Experiment #6 (Titration): What is a polyprotic acid?

Acid with multiple H+ ions to donate.

Experiment 6 Is it necessary to use exactly 40 ml of acid? Would the results change if you used a different volume of acid?

• no it is not necessary to use exactly 40 ml of acid

• since this is a titration with a strong base, moles will be calculated

• The mole ratio stays the same even though the volume increases

Experiment 6 Could you complete this experiment if the volume of acid did not completely cover the pH electrode?

• no you couldn’t because the initial pH reading would be inaccurate and that would mess up the rest of the readings

Experiment #6 (Titration): For the titration of a weak base with a strong acid, four regions can be distinguished.

1. A dilute solution of a weak base is prior to adding titrant.

2. A buffer solution is until the equivalence point is reached.

3. At the equivalence point, we have a mixture of conjugate acid of a weak base.

4. Beyond equivalence point, we have a mixture of strong acid and a weak acid.

Experiment #6 (Titration): Objectives

Understand the titration of a weak monoprotic acid using a strong base. Understand the four regions of the titration curve: prior to adding titrant, until before equivalence point, at equivalence point, and beyond equivalence point. Determine equivalence points using gran plots. Understand the titration curve of a polyprotic acid.

Experiment #6 (Titration): How to titrate?

For the first 1mL, titrate in 0.2-0.3mL aliquots. There are three ranges of aliquots: 1-2mL, 0.1-0.2mL, and 0.05mL aliquots. Switch between the three when you observe large pH jumps that are greater than 0.3.
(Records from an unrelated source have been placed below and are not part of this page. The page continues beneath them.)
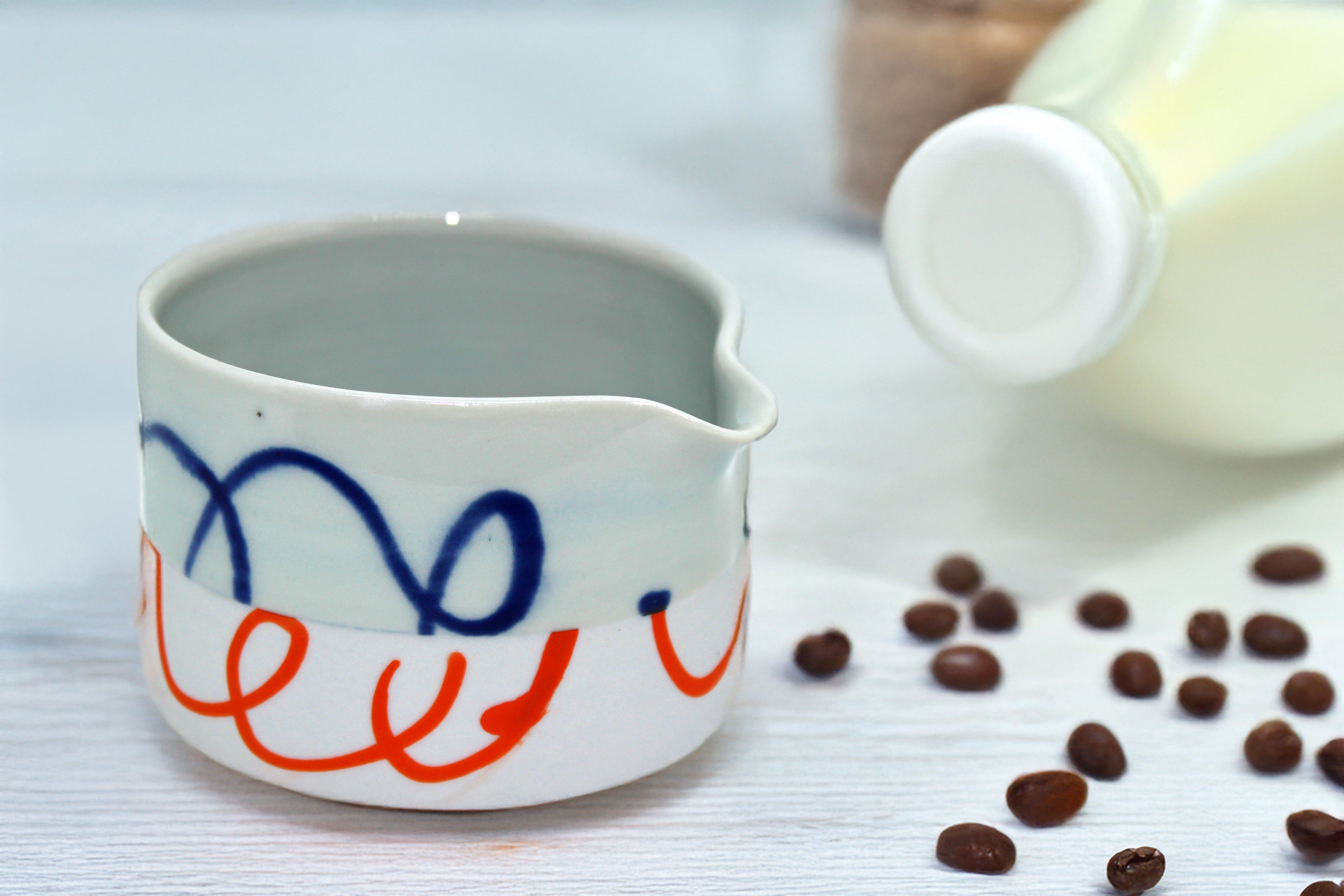 'Jug Creamer 5' is a beautifully hand crafted ceramic jug made from porcelain with a hand painted design. Adam Frew is a ceramicist from Northern Ireland who hand makes porcelain products using his spontaneity and personal expression.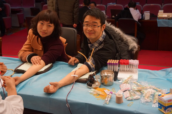 3月1日上午,孙倩、蒋芸芸、樊泽华、赵鹏飞四位老师,一上完课就赶往拱墅区政府3号楼报告厅参加献血。献出一滴血,奉献一份爱,就能汇聚成生命的海洋。他们把无偿献血活动当成一份光荣和一种责任,体现了献血者的爱心和乐于奉献的良好品质。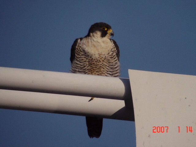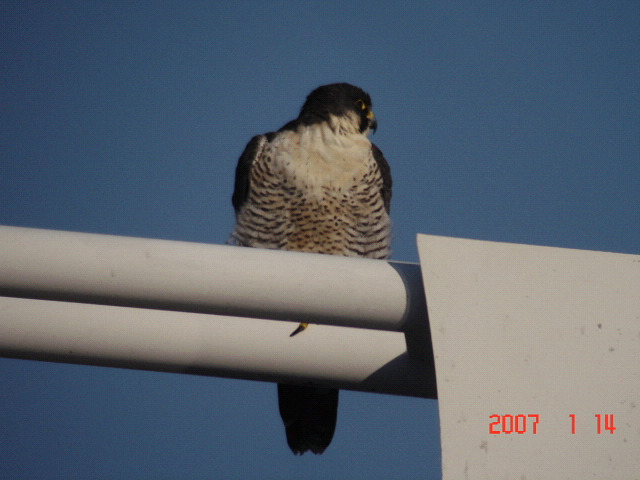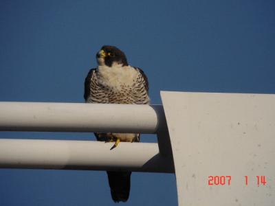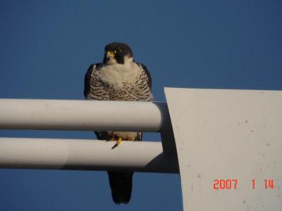 行方市の北浦大橋に、猛禽のハヤブサが止まっているとの情報を戴き、見に行ってきました。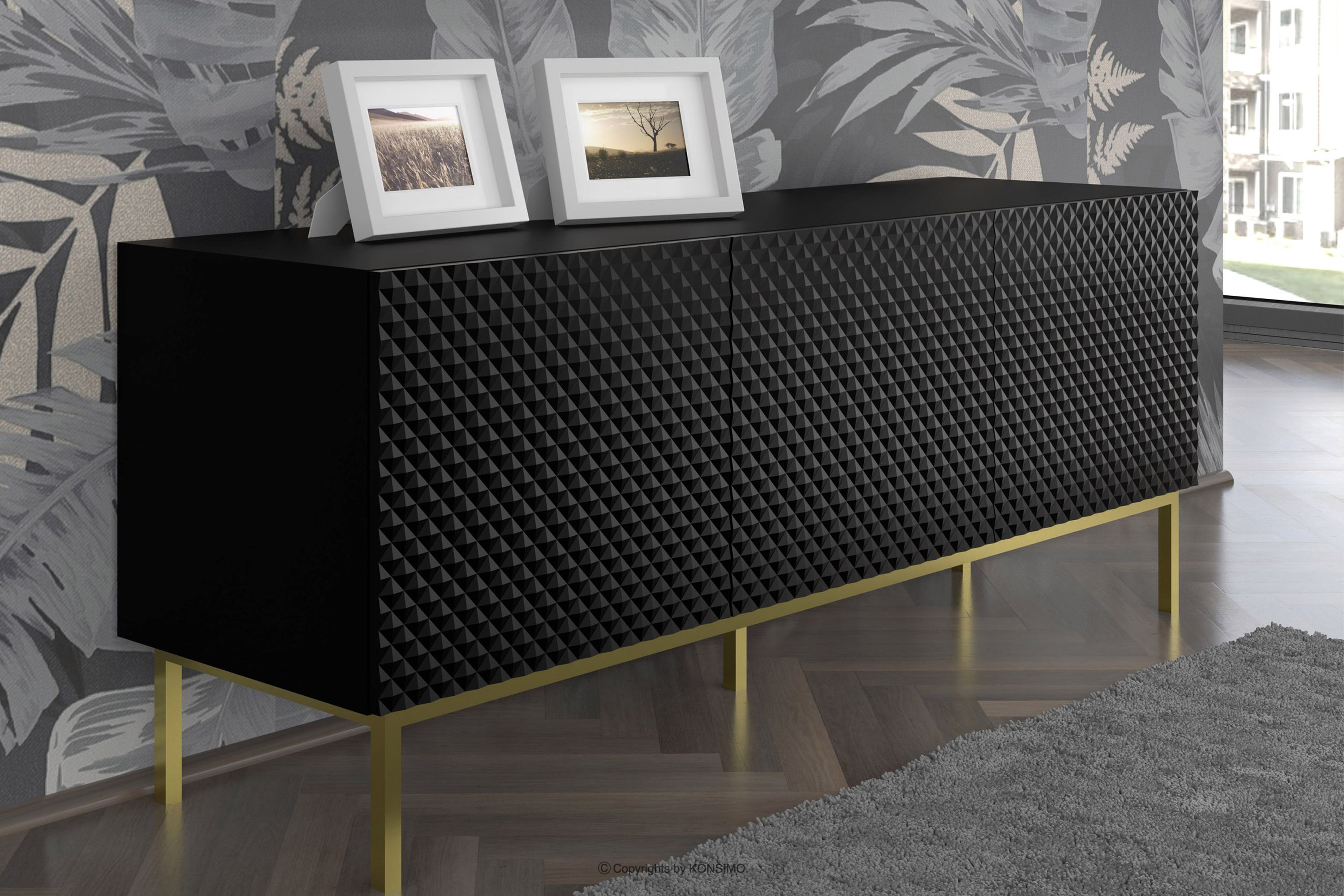 Skriňa RTV na zlatých nožičkách čiernej farby je kombináciou výnimočného dizajnu, solídneho spracovania a funkčnosti. Bola vytvorená pre ľudí, ktorí si cenia estetiku a pohodlie pri každodennom používaní. Jednoduché, minimalistické formy obohatené o jemné detaily sú v súlade s najnovšími trendmi v interiérovom dizajne, vďaka čomu harmonicky zapadajú do rôznych aranžmánov.

Experiment #6 (Titration): What are the components of this experiment?

0.1M acetic Acid and 0.35M NaOH. 0.1M H3PO4.

Experiment #6 (Titration): what is the graph of pH vs mL base added.

The titration curve.

Experiment #6 (Titration): How many equivalence points are observed for acetic and phosphoric acid?

acetic acid will have one equivalence point. phosphoric acid will should have 3 equivalence points, but we observe 2 of them.

Experiment #6 (Titration): Why is it hard to find the third equivalence point for phosphoric acid.

It will require an immensely large amount of NaOH- since its Ka3 is so small.

Experiment #6 (Titration): What is the modified gran plot?

∆V/∆pH vs. average volume of OH- added.